今、中小企業経営者向けの様々なメディアでは「アトツギベンチャー」なるバズワードを頻繁に目にする。6月の日経トップリーダー誌でも特集が組まれた。
もともとは大阪から始まった、20代、30代の若き企業後継者の挑戦を応援しようというムーブメントのようだが、今や日本全国に広がっている。国や地方自治体もこの動きを後押ししているようだ。
様々な団体が立ち上がり、カンファレンスやピッチイベントなどが頻繁に開催されている。
跡継ぎ(アトツギ)ベンチャーとは
「若手後継者が、家業が持つ、有形無形の経営資源を最大限に活用し、リスクや障壁に果敢に立ち向かいながら、新規事業、業態転換、新市場開拓など、新たな領域に挑戦することで社会に新たな価値を生み出すこと。」
らしい。
私が若い頃は跡継ぎに向けられるネガティブでステレオタイプのレッテル貼りに辟易としたものだ。
「バカ息子」、「世間知らずのボンボン」、「温室育ち」、「唐様で売家と書く三代目」
企業後継者を揶揄する表現はいくらでもある。
これらの蔭口だけは叩かれたくない、、その一心だった。
我々企業後継者のプレッシャーたるや社員さんや世間の想像を遥かに超えるだろう。
今は高度成長期でもなければ、バブルでもない。人口ボーナスもない。
普通に真面目にやっていても業績は降下する。ほとんどの業界で国内市場がシュリンクする環境下で企業を引き継ぎ、成長軌道に乗せるなど容易なことではない。高速の下りエスカレーターを登るが如きである。
後継者は概して、親のお蔭で十分な教育は受けさせてもらってる。
すると、より大きな仕事ができる、安定した大企業に勤めたり、官僚や公務員になったりしたいだろう。もしも特に優秀だったならば、ステイタスの高い医者や弁護士等になって知識や技能を売って安定して暮らしたいと思うのは自然なことだ。
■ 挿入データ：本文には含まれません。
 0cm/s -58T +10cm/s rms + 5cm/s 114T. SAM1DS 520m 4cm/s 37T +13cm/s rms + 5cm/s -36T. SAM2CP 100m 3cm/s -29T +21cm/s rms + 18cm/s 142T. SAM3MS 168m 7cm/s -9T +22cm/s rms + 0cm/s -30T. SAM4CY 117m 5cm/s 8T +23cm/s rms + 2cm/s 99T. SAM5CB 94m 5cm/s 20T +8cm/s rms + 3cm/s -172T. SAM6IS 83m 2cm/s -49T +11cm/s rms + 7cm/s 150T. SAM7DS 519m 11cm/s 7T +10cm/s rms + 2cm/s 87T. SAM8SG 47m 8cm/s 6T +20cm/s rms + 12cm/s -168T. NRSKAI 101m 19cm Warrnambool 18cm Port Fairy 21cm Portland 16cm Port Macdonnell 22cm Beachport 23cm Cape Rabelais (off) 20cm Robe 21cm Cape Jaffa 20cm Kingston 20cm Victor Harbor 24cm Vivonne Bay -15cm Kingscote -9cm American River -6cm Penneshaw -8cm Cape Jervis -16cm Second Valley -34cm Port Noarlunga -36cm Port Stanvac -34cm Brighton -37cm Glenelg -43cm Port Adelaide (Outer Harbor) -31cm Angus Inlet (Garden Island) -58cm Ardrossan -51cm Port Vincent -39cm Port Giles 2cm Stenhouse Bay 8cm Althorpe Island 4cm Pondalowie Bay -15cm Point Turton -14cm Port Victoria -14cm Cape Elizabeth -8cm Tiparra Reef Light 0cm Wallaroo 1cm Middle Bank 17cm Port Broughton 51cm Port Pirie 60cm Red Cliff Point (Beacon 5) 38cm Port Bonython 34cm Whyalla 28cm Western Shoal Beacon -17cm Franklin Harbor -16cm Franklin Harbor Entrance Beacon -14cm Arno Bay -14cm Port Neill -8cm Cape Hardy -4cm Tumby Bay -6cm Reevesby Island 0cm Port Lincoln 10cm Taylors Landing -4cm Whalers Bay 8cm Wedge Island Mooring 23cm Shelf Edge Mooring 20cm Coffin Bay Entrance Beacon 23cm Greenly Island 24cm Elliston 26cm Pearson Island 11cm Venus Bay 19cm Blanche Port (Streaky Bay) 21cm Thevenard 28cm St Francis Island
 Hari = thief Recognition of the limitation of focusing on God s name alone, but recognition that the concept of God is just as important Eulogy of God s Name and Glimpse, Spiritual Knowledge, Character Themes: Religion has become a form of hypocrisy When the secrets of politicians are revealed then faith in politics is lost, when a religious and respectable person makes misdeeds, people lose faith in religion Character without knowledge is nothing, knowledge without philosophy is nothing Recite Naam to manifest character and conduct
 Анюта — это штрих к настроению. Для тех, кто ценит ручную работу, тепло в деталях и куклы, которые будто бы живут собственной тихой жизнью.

私も東京の高層ビルの上層階で一年中スーツを着て働くか、富士山の麓にある大企業の研究所で白衣を着て研究開発の仕事に従事したいと夢みていた。(どちらも夢破れましたが、、)
私はどちらも音痴だけど、芸術やスポーツに才能や情熱をお持ちだったにも関わらず、渋々地元に戻った方もおられる。
皆、数多くの選択肢を持ちながらも、
「誰かが火中の栗を拾わねば」
そんな思いで地元に戻ったのではないか。
これから時代の跡継ぎを我々の時代のようにネガティブに捉えるのではなく、地域活性化の担い手であり、社会的意義の高い職業だと認知していくのは重要なことだと思う。
高校、大学、大学院。同級生の多くは東京に居る。
(少なくとも東京に本部がある組織に所属している)
地方在住は少数派だ。
それだけ東京には人生を賭すに値する企業や機会が偏在しているという証左だろう。
同級生で地方に残っているのは多い順に公務員、金融機関、電力や鉄道などのインフラ系、医者、企業後継者、弁護士、たまに政治家くらいだろう。
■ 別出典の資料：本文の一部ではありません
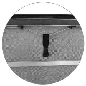 Estrutura e travas fabricadas em alumínio injetado com encaixe trek, sendo o material já conhecido pela excelente qualidade e resistência, com debrum de lona em trama de 6x6 e tensores destacáveis para uma maior praticidade em seu manuseio, além de possuir puxador para facilitar a abertura da capota.
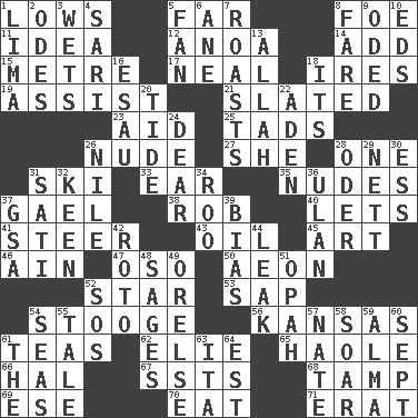 ACROSS 1. Coldest temperatures 5. Distant 8. Enemy 11. The content of cognition 12. Small Philippine buffalo 14. Say or write further 15. Distance measurement (Brit.) 17. Be tempered by heat 18. Angers 19. Aid 21. Scheduled 23. Assist 25. Bits 26. Naked 27. A female animal or person 28. Single 31. What Jean-Claude Killy likes to do 33. Ewer handle 35. Unclothed pictures 37. Highlander 38. Director Reiner 40. Allows 41. Navigate 43. Lubricate 45. Nonscientific branch of learning 46. The 18th letter of the Arabic alphabet 47. Bear (Spanish) 50. A really long time 52. Play the lead 53. Plant excrement 54. Moe Howard, for one 56. Sunflower state 61. Beverages made from leaves 62. Writer Wiesel 65. White Person, in Hawaii 66. Actor Linden 67. Fast planes 68. Pack (down) 69. Compass dir. 70. Ingest 71. Part of Q.E.F. DOWN 1. Pale green bean 2. Lyric poems 3. Moistens 4. Indian skirt 5. Air blower 6. A saturated hydrocarbon 7. Ridicules or criticizes harshly 8. Conductor's collection 9. Wrote a lyric poem 10. Begley and Asner 13. Assad's deity 16. He sold his birthright 18. ___ a Wonderful Life 20. Periodic rise and fall of the sea level 22. Arabian gulf 24. Letter starter 26. The longest river in the world 28. Baltic tributary 29. Remaining after all deductions 30. Double-curved letter 31. Suttee (variant) 32. Peachy ____! 34. Friend of Pooh 36. Uhlan (variant) 37. Girls' org. (abbr.) 39. Prejudice 42. Printing process, for short 44. Path through which fluid escapes 48. Gurus 49. Threatening words 51. Brightly colored fish 52. Mayday 54. Oceans 55. Falsehood 57. Nathan's nickname 58. Fly high 59. _ mater 60. Back-to-school mo. 61. Definite Article 63. Call ___ day 64. Eastern Standard Time (abbr.)
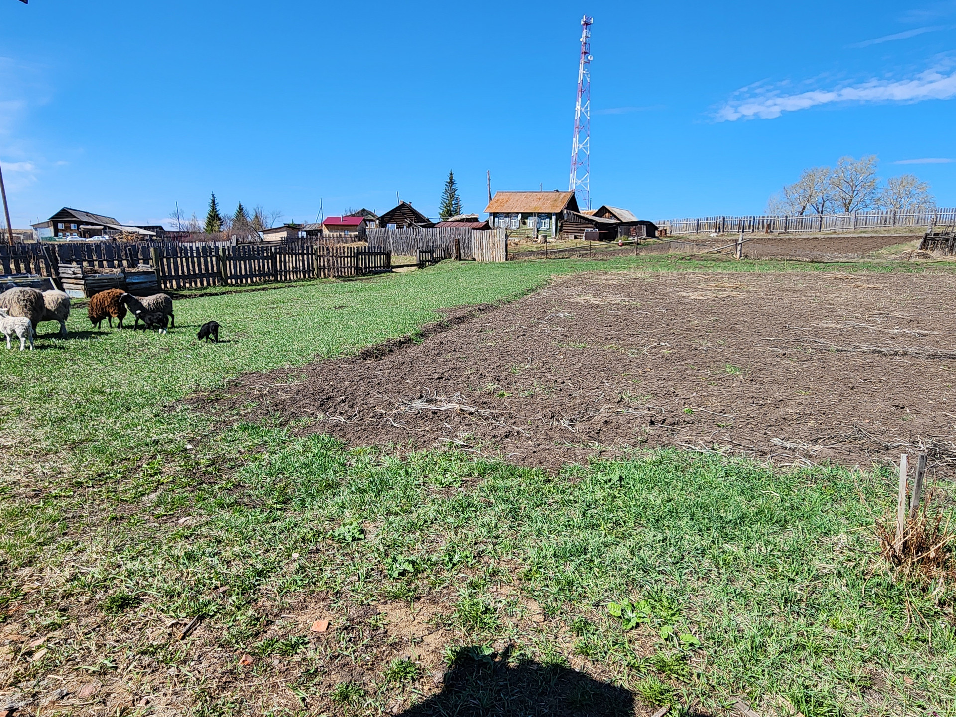 Огород разделен на две части.
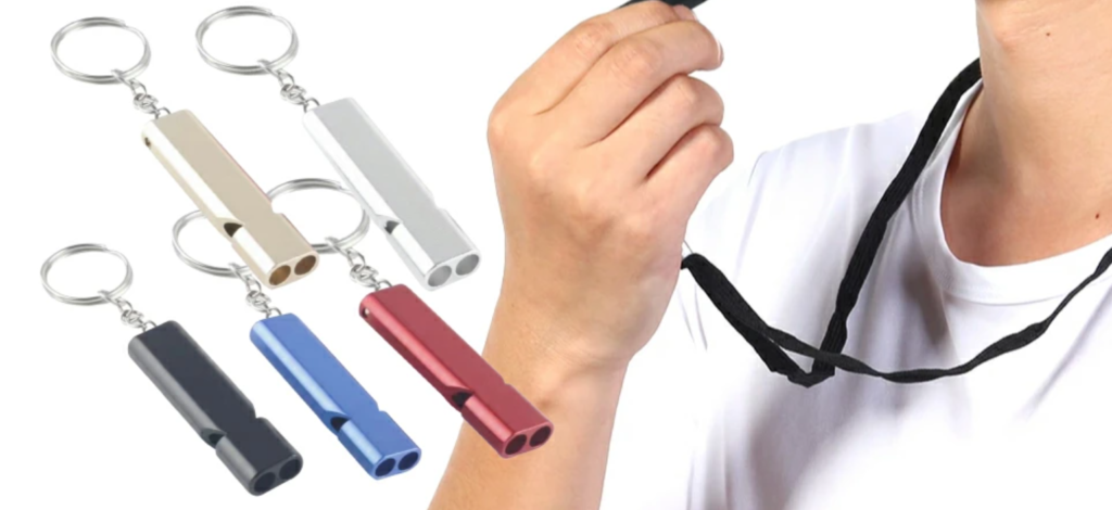 万が一身動きがとれなくなったりしたときに、大きな音を出して助けを呼ぶためのアイテムです。大声を出し続けるのは体力をひどく消耗してしまいます。ダイソーなどの公式ネットストアでも、キーチェーン付きでカバンやポーチに付けやすいホイッスルが販売されています。
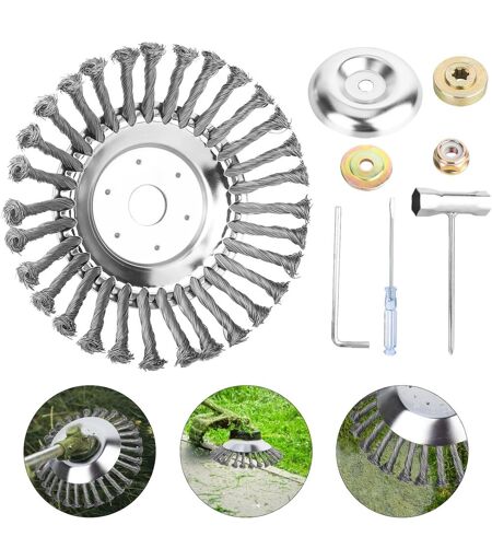 ¿¿[Dimension]¿¿The steel wire brush has a large cutting diameter of 150mm, the diameter of the receiving hole is about 25.4mm (1 inch). Any shaft diameter less than 25mm can be used. Before using a brush cutter, you must wear protective equipment (face protection, hearing protection, solid clothing, high boots and gloves)..¿¿[High Quality Steel Wire]¿¿ Made of high quality steel wire, sharp and efficient, strong and durable. The steel wire is not easy to fall off and can be used for a long time. The weed brush is made of knotted wire, which ensures abrasion resistance and high flexibility. And it can work normally if rocks and stones are encountered during use..¿¿[Easy to Install]¿¿3 installation tools and 4 accessories are included. Installation is simple: simply place our brush cutter head on the top screw of the straight shaft mower and secure it with a washer and nut. Wear protective equipment before using the brush cutter..¿¿[Effectively Eliminate Weeds]¿¿High quality and sturdy wire for our weed cutters, with double sealing stainless steel, weeds, moss and weeds can be removed quickly and easily from surfaces or sidewalk joints..¿¿[Wide Application]¿¿Ideal for removing foam from paving joints or cleaning dirt from surfaces and gutters, etc. Weed brushes are very suitable for use in gardens, lawns, parks, plant walls, grass for stone paths, grass for agricultural areas, orchards. ...
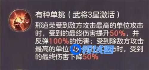 略有小成:有种单挑效果提升至:邢道荣受到敌方攻击最高的单位攻击时,反弹150%的伤害,受到除敌方攻击最高的单位以外的敌方攻击时,受到的最终伤害下降50%,并回复自身50点怒气,每回合最多回复300点。
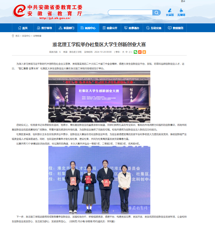 为深入学习贯彻习近平新时代中国特色社会主义思想,贯彻落实党的二十大和二十届三中全会精神,搭建大学生创新创业平台,发现、培育和选树创新创业人才,近日,“智汇青春 创享未来”杜集区大学生创新创业大赛在beat365唯一官方网站行政楼报告厅举办。对此,安徽教育网进行了报道:

公務員、金融機関、医師、弁護士、政治家等はとても尊くて、重要なお仕事である。しかも地方では貴重な高所得者層なので消費者としては地方のGDPに大きく貢献してくれている。
しかし、何かを生産する側ではないから事業を通してのGDPへの貢献は小さい。
やはり雇用など地方経済の担い手の中心は中小企業だと思うのだ。
しかし、長い下り坂の時代に人口減少の著しい地方で家業の後継者になるのはリスクが大きい。
それでも、地元で私が知っている若手の経営者(候補者)の皆さんは後継者、創業者の両方いらっしゃるが、皆、真面目で商売熱心な優秀な方ばかり。我々の時代よりも社会貢献意欲が高く、地方の問題を解決しようというアンビションを持った方も多い。
地方に暮らす者の一人として、そんな若き彼らを応援するのは当然だ。
もしも、私がこれまで経験したことでお役に立てることがあればすべてお伝えしたい。(もし有ればですが)私や弊社でお手伝いできる事があれば何でも協力したい。
地方に良い会社が増えれば、地元に残る人、都会からUターン、Iターンする方も増えるはずだ。
持続可能な人びとが豊かに暮らせる地域社会
これこそが我が社が実現したいビジョンだ。
そこには若きアトツギベンチャーが欠かせない。